Similarly \( 5y^2 \), \( \sqrt{\frac{7}{3}}x \), \( -\frac{1}{40}y \) are some examples of terms.
Any real number say \( \left( \frac{1}{3} \right) \) is also a term because \( \left( \frac{1}{3} \right) \) can be written as \( \frac{1}{3} \times 1 = \frac{1}{3} \times (x)^0 \).
Hence \( \left( \frac{1}{3} \right) \) is also a term because its sign is \( \oplus \), number is \( \left( \frac{1}{3} \right) \), Variable \( x \) and power zero.

Note: All real numbers are known as constant term.

2. Algebraic Expression: A combination of constant and variables, connected by four fundamental arithmetical operations of \( +, -, \times \) and \( \div \) is called algebraic expression.
For example, \( 3 - 7x \), \( 8 + 9y^2 \), \( 6 - 7a + 8b \) are algebraic expressions.

Equation: An algebraic expression is equated to some constant, variable or other algebric expression than that relation is known as equation, for example \( 3x + 7 = 10 \), \( x^2 - 7x + 10 = 0 \), \( 9x - 7y = 10x + 12 \), \( xy + 7 = 20z \).

Linear Equation: If the greatest exponent of the variable(s) in an equation is one, the equation is said to be a linear equation(s).
If the number of variables used in linear equation is one then equation is said to be linear equation in one variable.
For example, \( 3x + 11 = 0 \), \( 9y - 7 = 12 \), \( 6x - 12 = 18 \), \( 3t - 7 = 5 \) are some examples.
Linear equation in one variable is \( ax + b = 0 \) with \( a \neq 0 \), and solution of this equation is the value of \( x \) which makes L.H.S. and R.H.S. equal.
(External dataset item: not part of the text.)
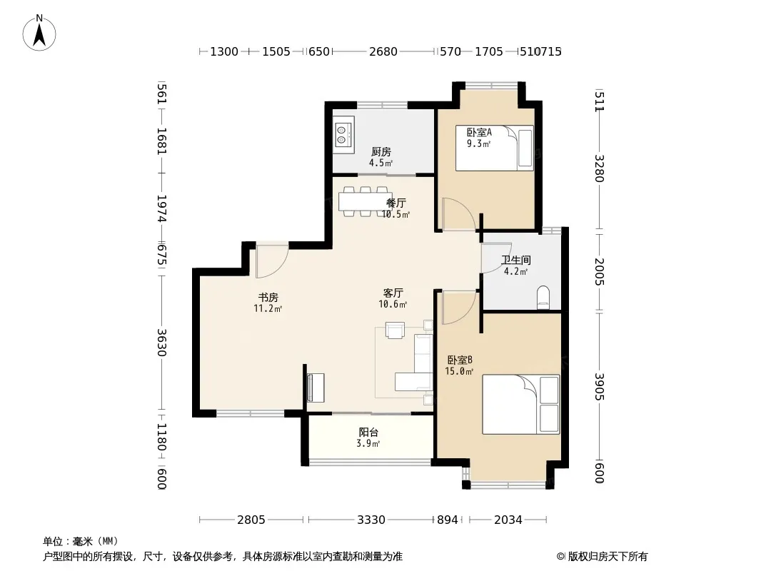 嘉定 莱英北郡 3室2厅 92.22㎡ 305万

In the case of \( ax + b = 0 \), \( x = -\frac{b}{a} \) is its solution.

Linear equation in two variables: Equation of the form: \( ax + by + c = 0 \) with \( a \neq 0 \), \( b \neq 0 \) is known as linear equation in two variables. For example \( 3x - 2y - 1 = 0 \) or \( 3x - 2y = 1 \), \( x + y = 2 \) or \( x + y - 2 = 0 \) are few examples of linear equations in two variables.
As discussed in class IX that graph of linear equation is a straight line so a linear equation in two variable has infinitely many solutions because graph of such equations is a line and a line passes through infinitely many points and each point lies on line is known as its solution so a linear equation in two variables has infinitely many solutions.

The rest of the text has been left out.